Is the boat in or out of the water and are the engines fresh water or sea water cooled? If in the water allow the engines a very long warm up time about 100 -200 rpm above idle. (until they have reach FULL operating temp) During this time pay VERY close attention to the oil pressure, watch for leaks on the fuel injection lines, fuel filters, etc. and listen for any abnormal noises) 

If the boat is out of the water you MUST hook up a source of cooling water to the sea water strainer intake. In some cases there is a fresh water engine flush provison hook up in the water strainer in the bilge compartment. If you have this provision, shut of the sea water intake valve and hook up the hose to the strainer. You may have to do some rigging up here but just make sure you have a good source of cooling water. 

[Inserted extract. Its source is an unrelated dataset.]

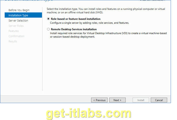 Installation Type bölümünde ‘Role-based or feature-based installation’ seçili olarak devam ediyoruz. ‘Next’ ile ilerliyoruz.

How old is the fuel in the boats fuel tanks??????? If the fuel is 3 years old. DO NOT USE IT. Pump or drain it out of the tanks and replace it with FRESH max dose fuel additive treated diesel fuel. The reason I say, not to use the fuel is the if it has been setting for 3 years, it has gone bad and will not burn properly if at all and more than likely has bio-contamination (diesel fuel algae bugs in it) This can reak havoc with your fuel filters, injection pump, and injectors. While you have the injectors pulled out, now is the time to verify that each fuel line is delivering a shot of fuel while you are cranking the engine over. This will also allow you to purge the 3 year old fuel from the fuel lines and pump. It will make a bit of a mess so lay some clean rags down to catch the fuel. This will also allow you to prime the fuel system after changing the fuel filters. Once you install the injectors turn the engines over again with injectors installed with the line connectors threaded up but loose to purge the air from the lines up to the injectors. Then snug them down. About 30 degrees wrench arc past solid contact. You may have to go back that retighten later if they seep. 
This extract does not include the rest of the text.